Worldwide coalbed methane (CBM) reserves have been estimated at 84 ~ 262 trillion m3 (2,980 ~ 9,260 trillion ft3)(1). The majority of these CBM reserves are mainly located in Russia (17 ~ 113 trillion m3), Canada (6 ~ 76 trillion m3), China (30 ~ 35 trillion M3), Australia (8 ~ 14 trillion m3), and USA (11 trillion m3)(1). In the United States, CBM accounted for 10% of dry gas reserves and 8% of dry gas production in 2003(2). In other countries, such as China, Canada, and Australia, CBM projects are attracting more and more attention by resource companies.

The production methods of CBM include conventional pressure depletion production and enhanced coalbed methane (ECBM) recovery. At present, CBM is mainly recovered by the former method. In ECBM, gases such as N2, CO2, or flue gas are injected to displace methane and maintain coalbed pressure. This recovery method is still in its infancy with only two field-scale ECBM projects (one injected N2 and the other injected CO2)(3), and one singlewell pilot project(4) worldwide.

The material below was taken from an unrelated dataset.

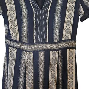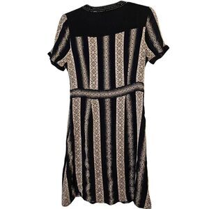 Armpit to armpit is 17 inches, waist is 29 inches and the length is approximately 36 inches. Side zipper. Material tag is removed, but it think it is silk. Looks vintage, but not sure. Excellent condition. Open to reasonable offers.

Productivity evaluation and prediction are important steps in the development of CBM reservoirs. Because gas storage mechanisms in coal seams (mainly adsorbing on the walls of pores) are different from that in conventional gas reservoirs (compressed in pores), conventional reservoir simulators generally do a poor job in predicting CBM production. Over the past decade, many models have been developed to characterize CBM production processes (5–7). Commercial simulators for CBM production can be categorized into two types: modified conventional black oil simulators and modified compositional simulators. With the recognition of the stress dependency of coal permeability and porosity and shrinkage/swelling of the coal matrix due to desorption/adsorption, some simulators have been modified to accommodate these characteristics(3). However, in these simulators the influence of in situ stresses is simplified with an analytic model or a monotonic relation between the permeability ratio and pressure changes. Durucan et al. developed a finite element model to simulate the in situ stress changes near wellbores and coupled the stress changes with fluid flow simulation by characterizing dynamic changes in permeability(8).